If you have had rear pads changed and it's now playing up get back to dealer and tell them they have knackerd your senior they will of been twisting the rear mount about when fitting rear pads and have damaged the sencor

beasthonda
06-25-2015, 09:05 AM
I would also check the entire length of the cable that runs under the cover on the swing arm.
When I replaced my speedo sensor for this Acewell one I found the original outer cable had split and the inner cable was not in the best shape.
http://www.apriliaforum.com/forums/showthread.php?295248-Speedo-sensor-alternative&highlight=alternative+speedo+sensor
My original one was still working but like many on this forum looking for cheap plug and play alternative.
This came close

AbuDanger
06-25-2015, 05:07 PM
Thanks beatshonda by the time I pay shipping from the UK I would be right at the same price as the Mille sensor from AF1. I orderd it last night, I figured that for $60 it was worth getting it on the way.
I plan to go over the old one with a fine tooth comb when I pull it out.
I will certainly take a look at the connectors as well.
While they might have speed up its demise I don't feel like the brake job was the cause of failure. It had already more or less failed once and I managed to resurect it with black silicone.

Capoandrew
06-26-2015, 02:06 AM
What sort of black silicon did you use? Engine gasket goo is ok, but house hold silicon isn't. It eats the wire insulation in time.
The pro electrical guys use a potting paste.

AbuDanger
06-28-2015, 01:15 PM
Capoandrew I actually used something called liquid-electrical tape. It paints on with a consistsncy of rubber-cement, and dries to a semi hard, but flexable finish. I hope it doesn't eat wire insulation....
The millie sensor came in the mail yesterday while I was camping. Hoping to fit it this afternoon.

AbuDanger
06-28-2015, 08:12 PM
I can confirm that they do work. The wire angle (entry into the sensor)isn't the same but this is easily worked around. They are about 20% less money than a capo sensor if bought new.

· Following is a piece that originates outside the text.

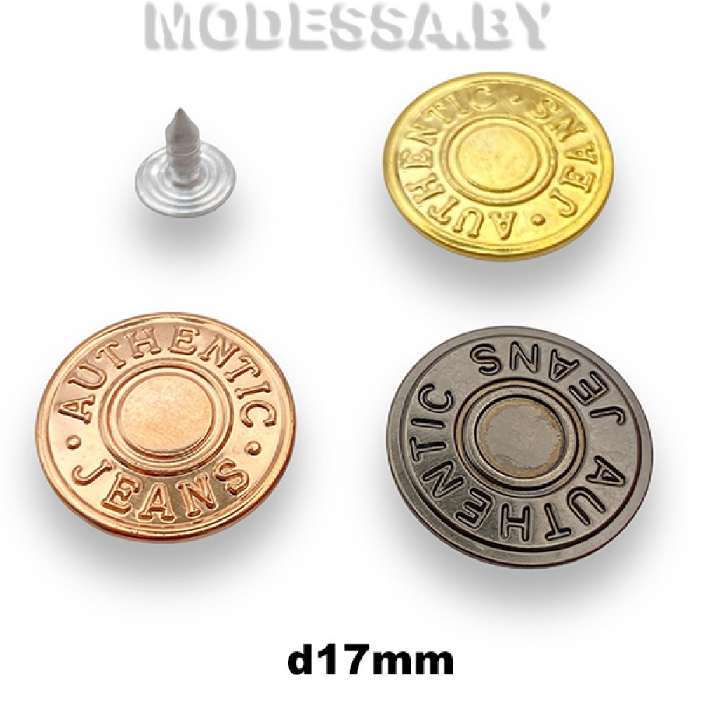 Заклёпка-пуговица металлическая "Jeans Authentic", артикул: 27888.55; 27889.3, на фиксированной ножке. Диаметр 17мм. Джинсовые пуговицы используются при изготовлении одежды и других изделий из джинсовой ткани. Данная пуговица будет эффектно смотреться как на одежде, так и на рюкзаке, сумке.
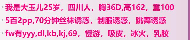 [xinxitop]提示信息[/xinxitop] 【寻欢时间】:2020年3月XX日 【寻欢地点】:上海普陀 【信息来源】:狼友推荐、论坛、亲身体验 【服务项目】:看图(可选,勿必填写真实服务项目) 【妹妹数量】: 【环境设备】: 【营业时间】: 【价格一览】:500/pp 【安全评估】:评分,满分100。 【服务星级】:★★★★★(最高5星)应适当评价质量 【重点推荐】: 【联系方式】:[unfree]qq:2111321546[/unfree] 【寻欢细节】:真人和照片60%-70%吧,优点:价格良心,服务好不催人(女上三式欲罢不能,舌尖上的享受)各位自己体验。缺点:地铁站下来走的我累死。 【附带照片】:

So I didn't actually get to it today, here's hoping I can tomorrow.
Nearld, just so I don't waste time trying to solve a problem that I don't need to what did you do about the wire entry angle? Just loop it around?

nerald
06-29-2015, 05:21 AM
I didn't secure the sensor via the bolt hole. I used the original bolt and washer to secure it via the " lip" around the edge of the sensor. It just needs to hold it down so to speak. Put a dab of loctite on the bolt if concerned. You will understand when you come to fit.

AbuDanger
07-03-2015, 08:00 AM
Thanks everyone for your help. The Millie sensor worked great. I compared voltage readings before I did the full replacement, and confirmed that my old sensor was dead.
There is enought wire that it could be looped around, but it looks a bit jankey. I opted for nerld's solution of a washer that goes over the rim of the sensor. All in all, probably as close to a "plug and play" solution as we can hope for.